ACTIVITY:
Reproduce word for word, from the entries below, the line with "Vendesi zaino in", the line with "7月19日下午,北城師生一行", and every line between them, and nothing more.

DATA EXTRACTS:
▽

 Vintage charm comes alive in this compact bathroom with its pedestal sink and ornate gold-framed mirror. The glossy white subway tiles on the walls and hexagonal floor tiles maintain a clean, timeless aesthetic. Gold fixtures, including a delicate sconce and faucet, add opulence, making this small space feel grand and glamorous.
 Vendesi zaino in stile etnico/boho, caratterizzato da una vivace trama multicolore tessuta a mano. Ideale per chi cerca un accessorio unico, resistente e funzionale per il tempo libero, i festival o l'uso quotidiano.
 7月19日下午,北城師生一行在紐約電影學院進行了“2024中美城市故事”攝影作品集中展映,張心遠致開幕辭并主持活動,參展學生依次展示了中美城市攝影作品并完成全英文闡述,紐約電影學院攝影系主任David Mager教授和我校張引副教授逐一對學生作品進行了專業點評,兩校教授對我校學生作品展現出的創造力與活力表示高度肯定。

△
▽

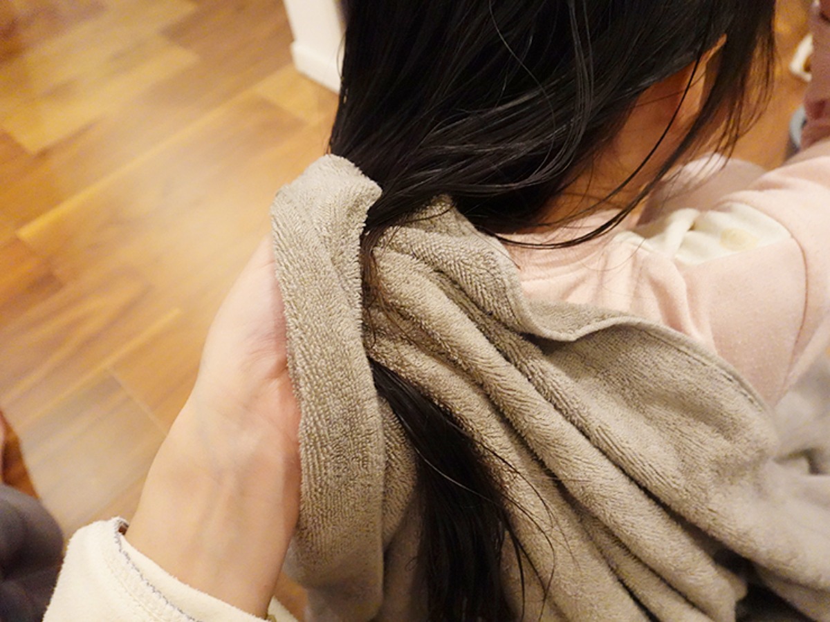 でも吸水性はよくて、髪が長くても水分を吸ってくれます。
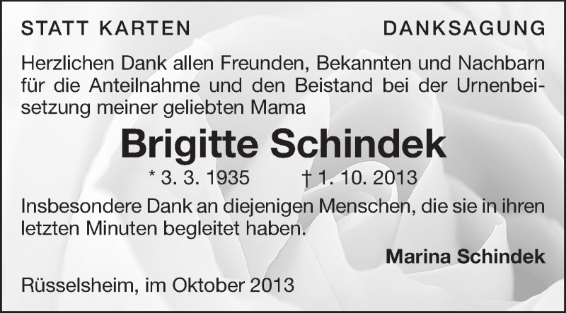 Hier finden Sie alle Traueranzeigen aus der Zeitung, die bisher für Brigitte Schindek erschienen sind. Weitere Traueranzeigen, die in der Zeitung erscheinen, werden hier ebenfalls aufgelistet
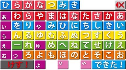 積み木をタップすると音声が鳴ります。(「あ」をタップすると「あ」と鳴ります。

△
▽

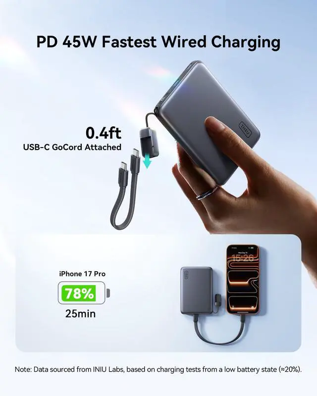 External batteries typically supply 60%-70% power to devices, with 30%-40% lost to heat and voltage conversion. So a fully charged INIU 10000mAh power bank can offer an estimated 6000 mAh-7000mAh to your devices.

△

TASK ANSWER:
 Vendesi zaino in stile etnico/boho, caratterizzato da una vivace trama multicolore tessuta a mano. Ideale per chi cerca un accessorio unico, resistente e funzionale per il tempo libero, i festival o l'uso quotidiano.
 7月19日下午,北城師生一行在紐約電影學院進行了“2024中美城市故事”攝影作品集中展映,張心遠致開幕辭并主持活動,參展學生依次展示了中美城市攝影作品并完成全英文闡述,紐約電影學院攝影系主任David Mager教授和我校張引副教授逐一對學生作品進行了專業點評,兩校教授對我校學生作品展現出的創造力與活力表示高度肯定。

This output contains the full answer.